Ryan's memo points to two action items. One is getting the city's bureaus, Multnomah County, Metro and various other public agencies and nonprofits to work together in a coordinated fashion. "By the nature of the institutions themselves, siloing takes place and inefficiencies are the inevitable result," Ryan noted.
Part of the challenge of coordinating all the entities that have a piece of responding to homelessness, Ryan added, is the shortage of good data.
"We currently do not know how many individuals are living unsheltered, nor do we know who or how often an individual is moving through our systems of care in real time," Ryan wrote.
So what's Ryan going to do? He plans to convene a city working group aimed at better bureau coordination and he plans to include Marc Jolin, director of the joint office, in that effort (the office is funded by the city and Multnomah County but is housed with the county.)
That seems logical: Numerous city bureaus interact with Portland's homeless population.
Ryan's second action item is less obvious: He plans to "convene a group of community leaders, key stakeholders, and people with lived experience to help inform the regional response and provide feedback at key decision points." That sounds a lot like A Home for Everyone, which already includes representatives from the county, the cities of Portland and Gresham, and various nonprofits and community groups on its executive committee and community board.
Ryan said he's not trying to replace A Home for Everyone's efforts.
"My intention is to supplement and build on A Home for Everyone," he said. "They are doing incredibly important work, and are central to the governance of the joint office. Every day, my office hears from individuals, nonprofits, faith groups, coalitions and businesses who are addressing homelessness outside of A Home for Everyone's framework.

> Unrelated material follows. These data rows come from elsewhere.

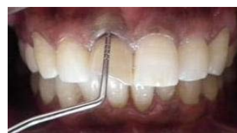
Figure 8: Showing pre-surgical photographs with periodontal pocket depth reduced to 7mm.

Patient was recalled for irrigation and dressing after 4 days till which time, the swelling had completely resolved. Working length and biomechanical preparation were completed with the tooth (Figure 4). Calcium hydroxide dressing was given for 7 days and the access was closed with a temporary restoration (Figure 5). A dressing was given again and the patient was recalled after 7 days for the follow-up and then, the patient was transferred to Department of Periodontics for opinion and needful. A thorough oral prophylaxis was done in the concerned region (Figure 6) and the patient was recalled for completion of endodontic treatment (Figure 7).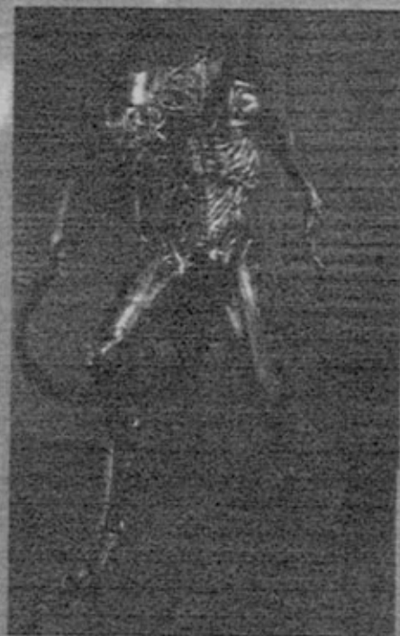
warrior alien prop

NEW THIS YEAR FROM MORRIS COSTUMES ARE MANY NEW MASKS AND PROPS THE ALIEN RESURECTION PIECES ARE MADE FROM ORIGNAL MOVIE MOLDS AND WILL BE AVAILABLE AT BETTER COSTUME SHOPS ACROSS THE COUNTRY JUST ASK!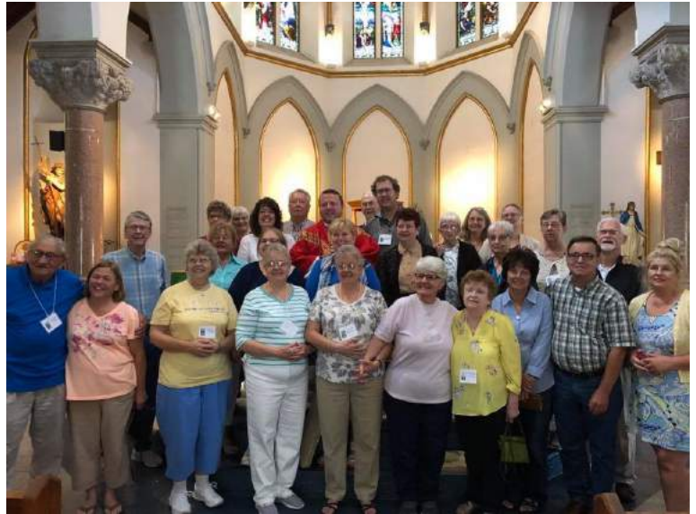
St. Joseph Pilgrims 2019 (Shrines of Eastern Canada)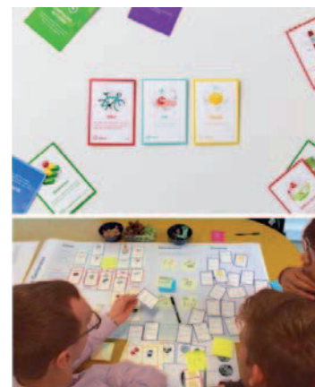
Fig. 1. Ideation Cards used in workshop setting

In brief, the design workshop consists of two main phases, the first one being an introduction both to IoT and to the design challenge (i.e. the workshop structure). During the design challenge, students work collaboratively in small groups to create an IoT-infused design solution. At the end of this phase, they pitch their idea while presenting their design solution to their peers and the facilitator(s)/tutor(s). During the design workshop, students have the opportunity to creatively design IoT applications while being exposed to diverse issues around them, like IoT-related concepts, and design for IoT.

"Many of them are already doing work to address the crisis, and many others have ideas, resources, and a desire to be part of the solution. This must be an 'all-in' effort, and I want to make sure our homelessness response is unified at all levels."
Denis Theriault, a spokesman for the joint office, says Ryan's focus and energy are a welcome addition to the cause.
"Silo-busting is wonderful," Theriault says. "There's going to be a lot of that with all of our partners with this new funding coming from the Metro homeless services measure."